- _Record extracts_:
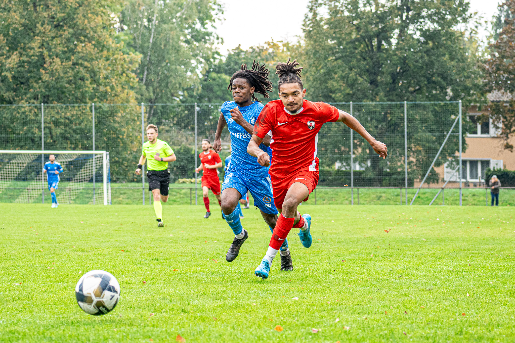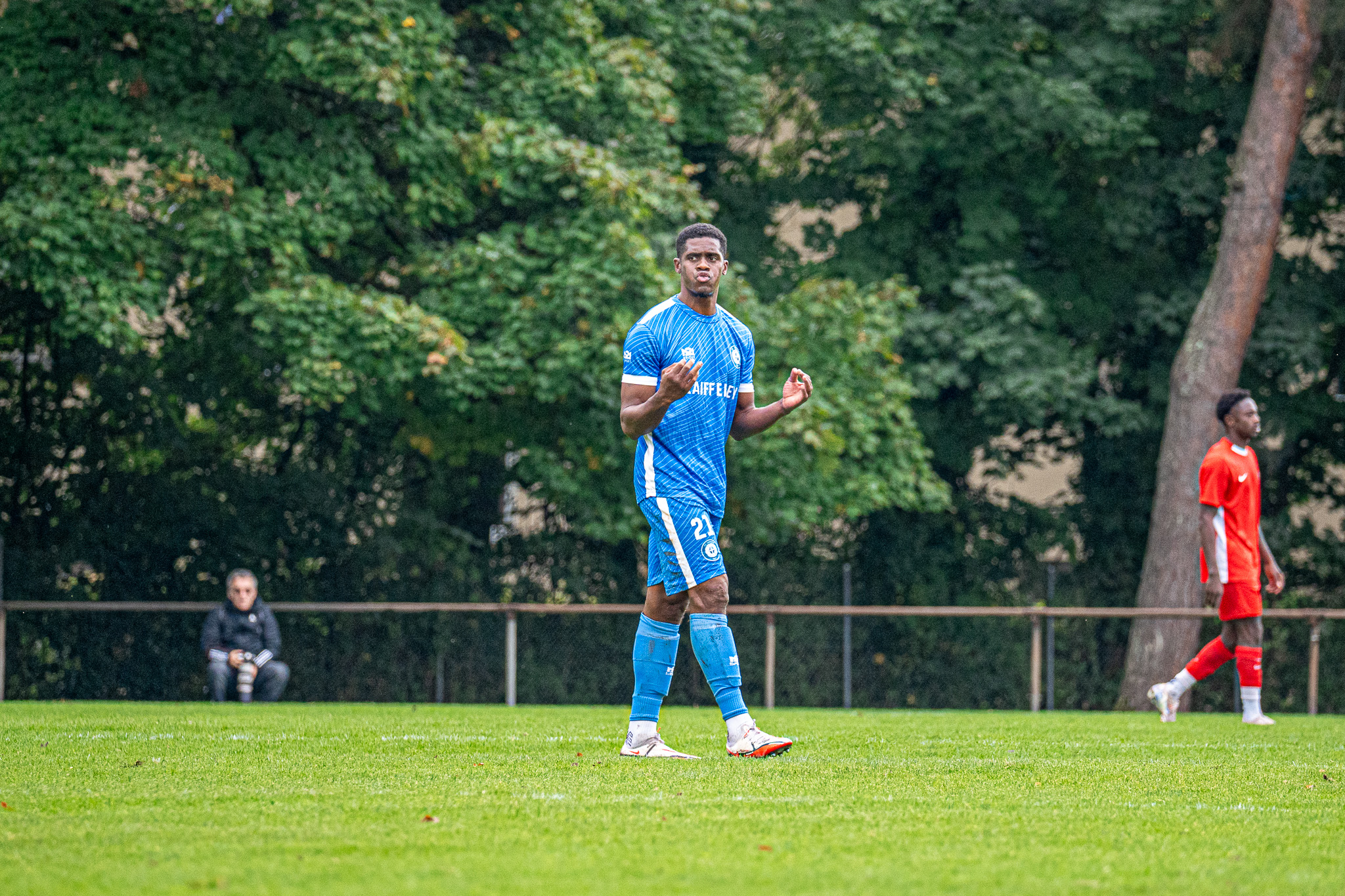 C’est Versoix, grâce au but de Killian Gallet, qui a ouvert la marque après une percée splendide de Momo Rabhi, qui a servi son coéquipier sur plateau (15′ 1-0). Mais les Saconnésiens ont su répondre 3 minutes plus tard sur un coup franc très bien tapé par Erion Salihu, directement sur la tête du renfort majeur de Grand-Saconnex II pour ce match, Seydou Kiendrebeogo (18′ 1-1). Le spectacle ne faisait que commencer. Quelques minutes après, toujours sur coup franc, Jack O’Riordan a surgi pour remettre Versoix devant au score (22′ 2-1).
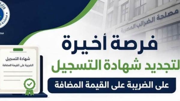 أكدت رئيس مصلحة الضرائب المصرية رشا عبد العال، أنه في ضوء التنسيق والتكامل بين المصلحة ومصلحة الجمارك، تم مد مهلة سريان شهادات تسجيل ضريبة القيمة المضافة حتى 30 يونيو 2026، وذلك وفقا لتوجيهات وزير المالية أحمد كجوك، بالتيسير على مجتمع الأعمال ودعم استقرار التعاملات التجارية.
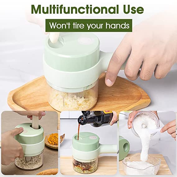 Heria 4 in 1 Food Processor Electric Vegetable Cutter USB Cordless Vegetable Slicer Chopper Electric Small Food Processor Price: ₹1,398.00(as of Jul 21,2025 03:47:08 UTC – Details) Compact in designScores high on the aspect of functionalityMaterial Type: Plastic; Size Name: RegularEngineered using the latest technology
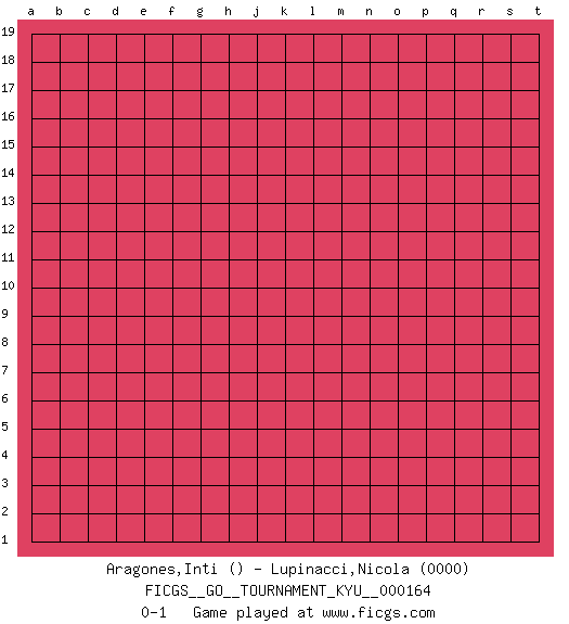 Last move : 0-1 2015 December 28 22:15:28 [Event "FICGS__GO__TOURNAMENT_KYU__000164"] [Site "FICGS"] [Date "2015.11.28"] [Round "1"] [Black "Aragones,Inti"] [White "Lupinacci,Nicola"] [Result "0-1"] [Rating 2 "0000"] 0-1 This go game has been lost on time (started : 2015.11.28 20:12:15) Here are the names of the openings (joseki) played in the four corners : Player White won this Go (weiqi, baduk) game. Follow this game move after move (download)The weak player fears ko, the strong player seeks it. (Bill Taylor) If I had no sense of humor, I would long ago have committed suicide. (Mahatma Gandhi)
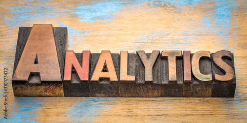 analytics word in wood type
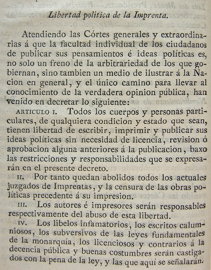 1º Todo hombre puede publicar sus ideas libremente y sin censura previa. Las disposiciones contrarias a esta libertad quedan sin efecto.
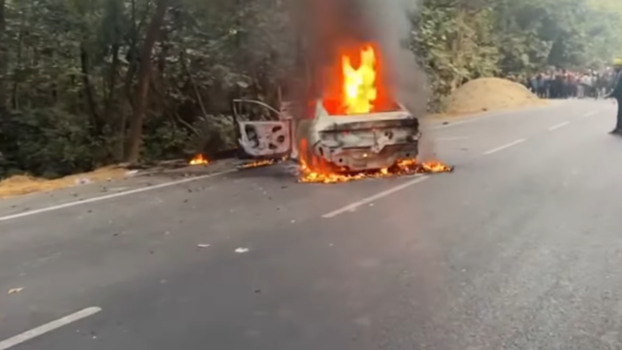 PANTNAGAR FIRE ACCIDENT: पंतनगर थाना क्षेत्र के टांडा रोड पर आज सुबह एक खौफनाक सड़क हादसा हुआ। हल्द्वानी से रुद्रपुर की ओर जा रही एक तेज रफ्तार कार और सामने से आ रही पिकअप में जोरदार टक्कर हो गई। टक्कर इतनी भीषण थी कि दोनों वाहनों में आग लग गई। हादसे में कार सवार चार लोगों और पिकअप चालक को हल्की चोटें आईं।
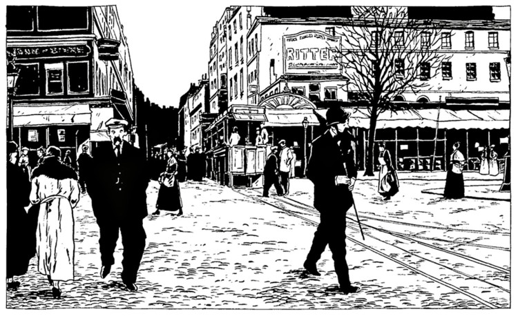 Encore une fois, je n'ai pas trouvé de document ancien dans cet axe, les cartes postales étant plutôt des photographies depuis l'autre côté. Alors une vue récente :
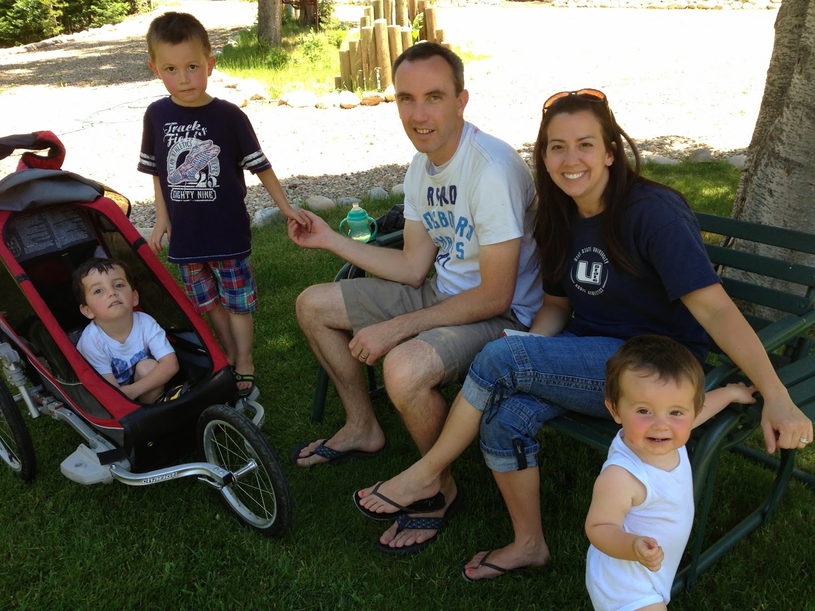 We decided to pick up our tent and move to the east side of Glacier. It was so surprising. We went from Green lush to dry Utah looking scenery. But it was so neat and I would recommend it to anyone. We stayed a few more nights at Two Medicine Lake. Our first hike there was to Twin Falls. We hiked all the way around two Medicine Lake. Beautiful. We thought we saw a bear once and that was scary. Carrying bear spray is scary enough... just thinking you might run into one. The kids were tired so I just did a quick jog up to Upper Two medicine Lake. Amazing. Beautiful. And peaceful. (but that might have been the face that I didn't have 6 kids with me to entertain and distract as they hiked) We took a fun boat ride back across the lake after our 7 miles hike.
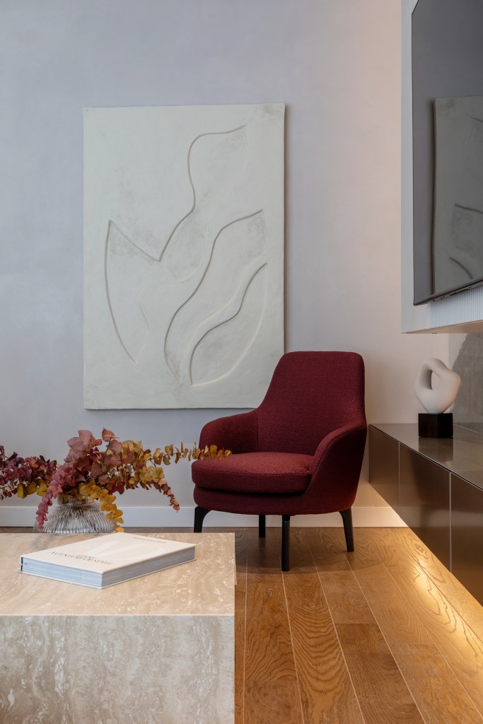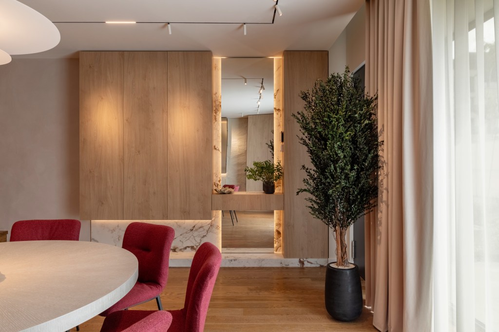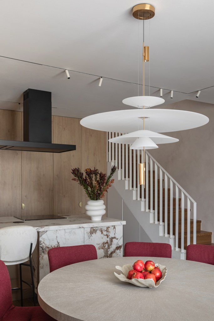 Din punct de vedere cromatic, accentele de roșu învăluie întreaga încăpere, fie că e vorba despre venatura placărilor ceramice, tapițeria scaunelor sau culoarea fructelor de pe masă. Lumina caldă și texturile contrastante definesc decorul. O piesă statement este corpul de iluminat spectaculos, amplasat deasupra mesei din dining.
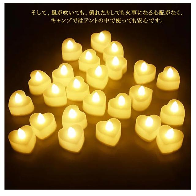 | LEDの電子ライトを、1個セットの販売になります。インテリアなどに最適です。 火を使わない、熱くもならないので手で触っても安全です。小さい子供やペットがいる環境でも安心して使えます。 そして、風が吹いても、倒れたりしても火事になる心配がなく、キャンプではテントの中で使っても安心です。 | |
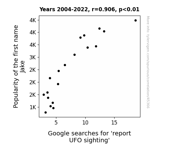 This means 82.1% of the change in the one variable (i.e., Google searches for 'report UFO sighting') is predictable based on the change in the other (i.e., Popularity of the first name Jake) over the 19 years from 2004 through 2022.
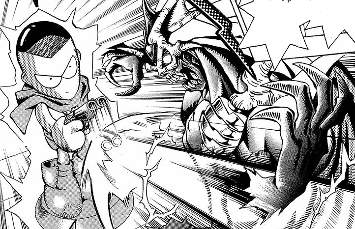 The game continues and its Honda's turn. Dark Bakura warns him that he might become frozen in fear by Zorc's powerful aura. Dark Bakura checks Honda's character's courage score and calculates that Honda must roll less than 70 to conquer his fear and go first. However if he rolls higher, Zorc will make the first attack. Honda rolls a 94 and calls it stupid because he isn't really afraid of Zorc. Dark Bakura laughs and says that there is no "you", only "your character". He narrates that the magic gunman is frozen in fear and curses his cowardice.
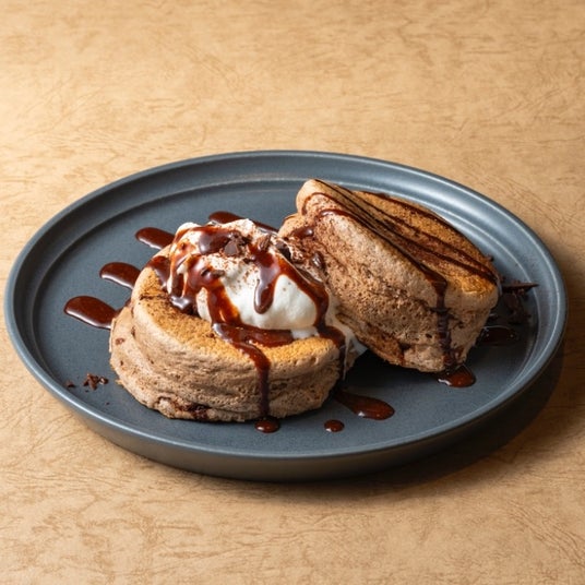 「ポール バセット」のふわふわパンケーキと「ル ショコラ ドゥ アッシュ」のチョコレートがコラボ。パンケーキの中には、香り高いマダガスカル産カカオのガナッシュを入れ、チョコソースにはフルーティーな香りが特長のエクアドル産ショコラを使用した特別な一品です。
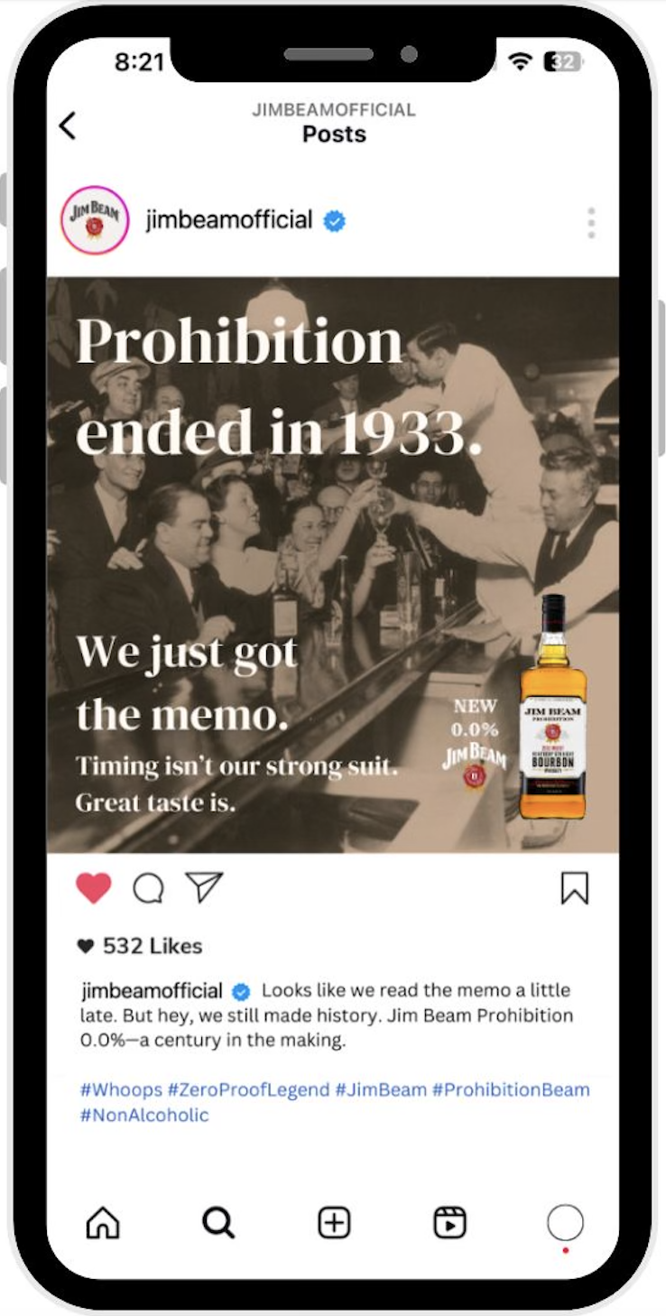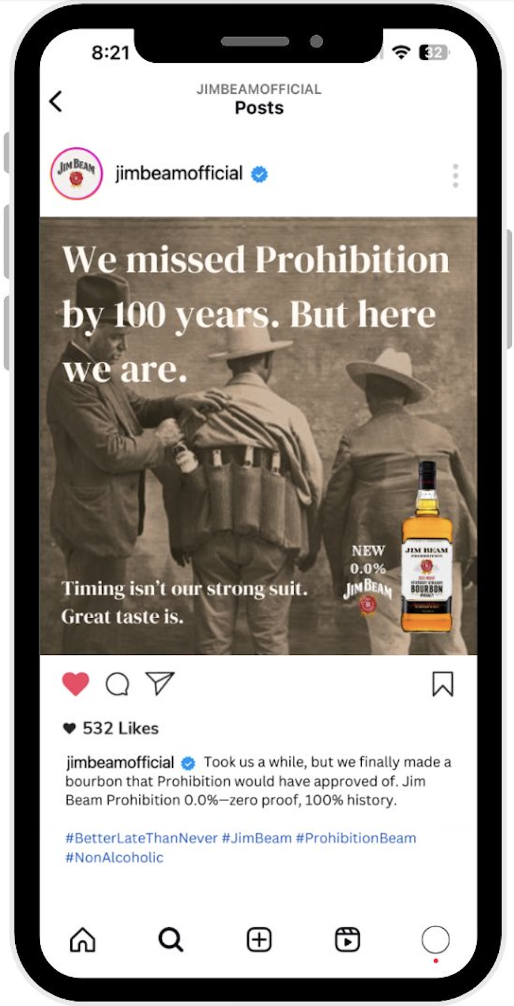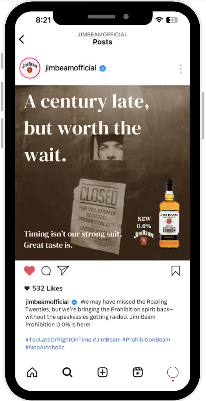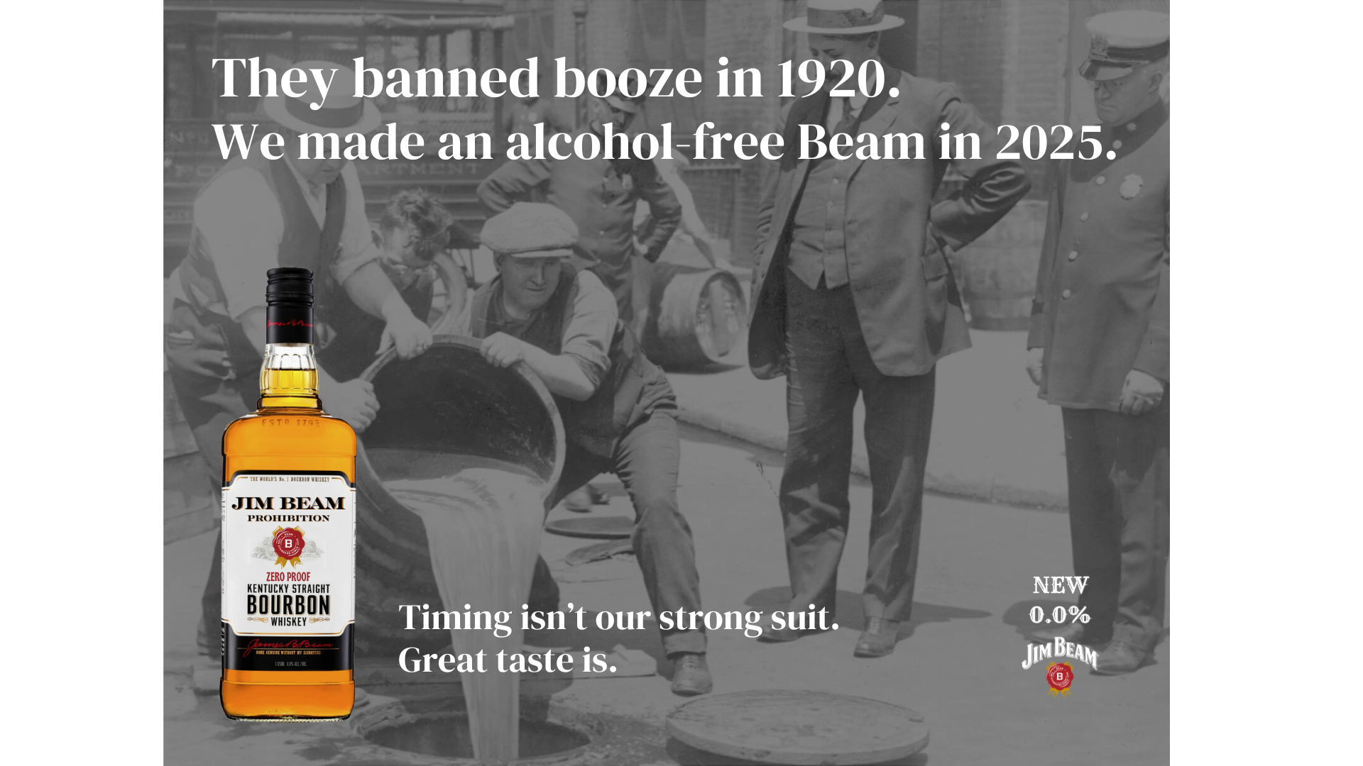 Insight: This campaign uses humor and irony to highlight the absurdity of releasing an alcohol-free bourbon a century after Prohibition. The vintage imagery and “bad timing” theme make it fun, self-aware, and a clever nod to Jim Beam’s long history.
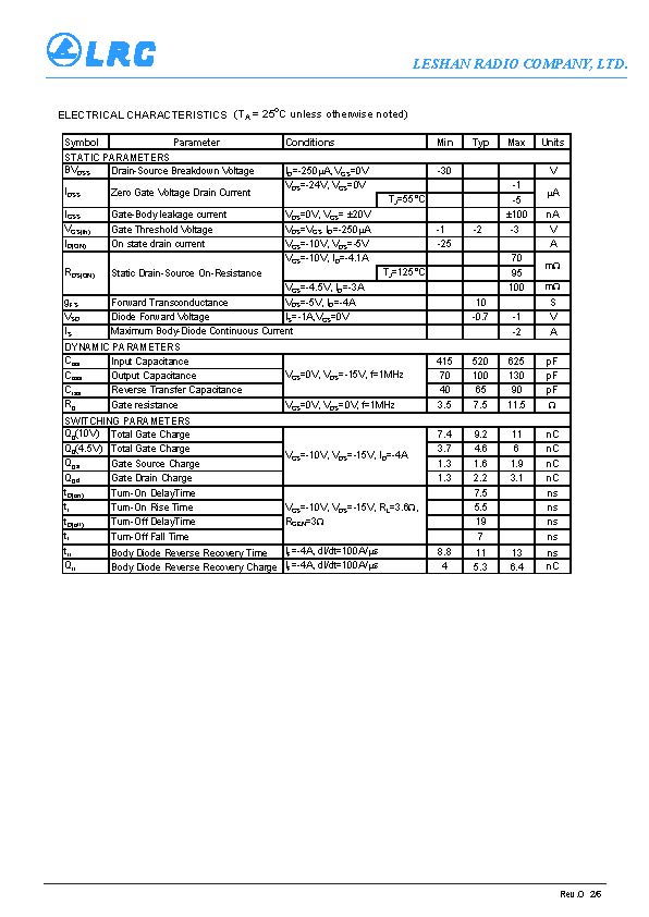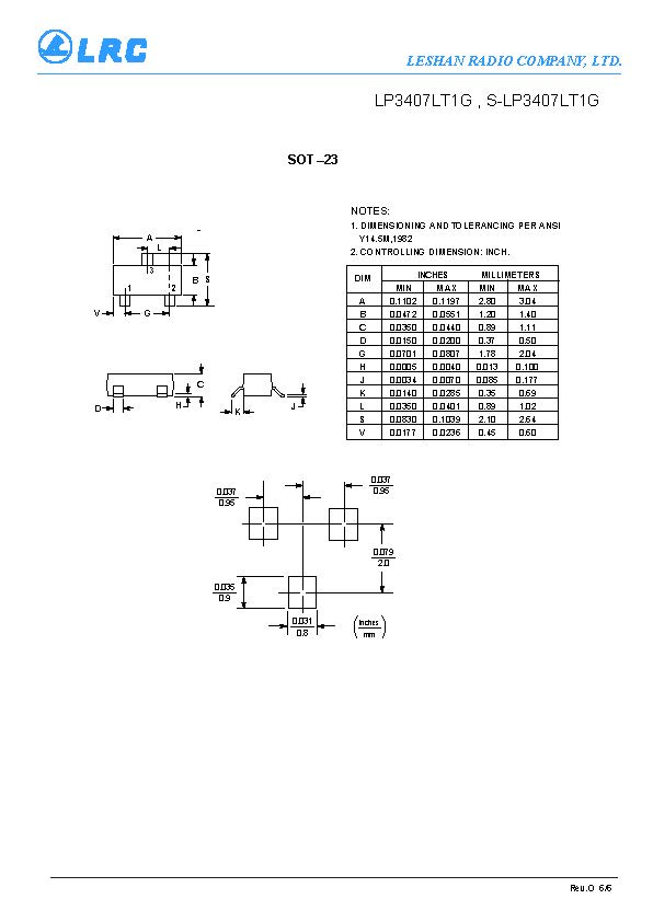 LP3407LT1G SOT-23 30V P-Channel LRC MOS管

- _Goal of the exercise_:
The required output consists only of the lines from the one containing "The game continues" to the last line of the material, reproduced exactly, pictures excluded.

- _Response for this exercise_:
 The game continues and its Honda's turn. Dark Bakura warns him that he might become frozen in fear by Zorc's powerful aura. Dark Bakura checks Honda's character's courage score and calculates that Honda must roll less than 70 to conquer his fear and go first. However if he rolls higher, Zorc will make the first attack. Honda rolls a 94 and calls it stupid because he isn't really afraid of Zorc. Dark Bakura laughs and says that there is no "you", only "your character". He narrates that the magic gunman is frozen in fear and curses his cowardice.
 「ポール バセット」のふわふわパンケーキと「ル ショコラ ドゥ アッシュ」のチョコレートがコラボ。パンケーキの中には、香り高いマダガスカル産カカオのガナッシュを入れ、チョコソースにはフルーティーな香りが特長のエクアドル産ショコラを使用した特別な一品です。
 Insight: This campaign uses humor and irony to highlight the absurdity of releasing an alcohol-free bourbon a century after Prohibition. The vintage imagery and “bad timing” theme make it fun, self-aware, and a clever nod to Jim Beam’s long history.
 LP3407LT1G SOT-23 30V P-Channel LRC MOS管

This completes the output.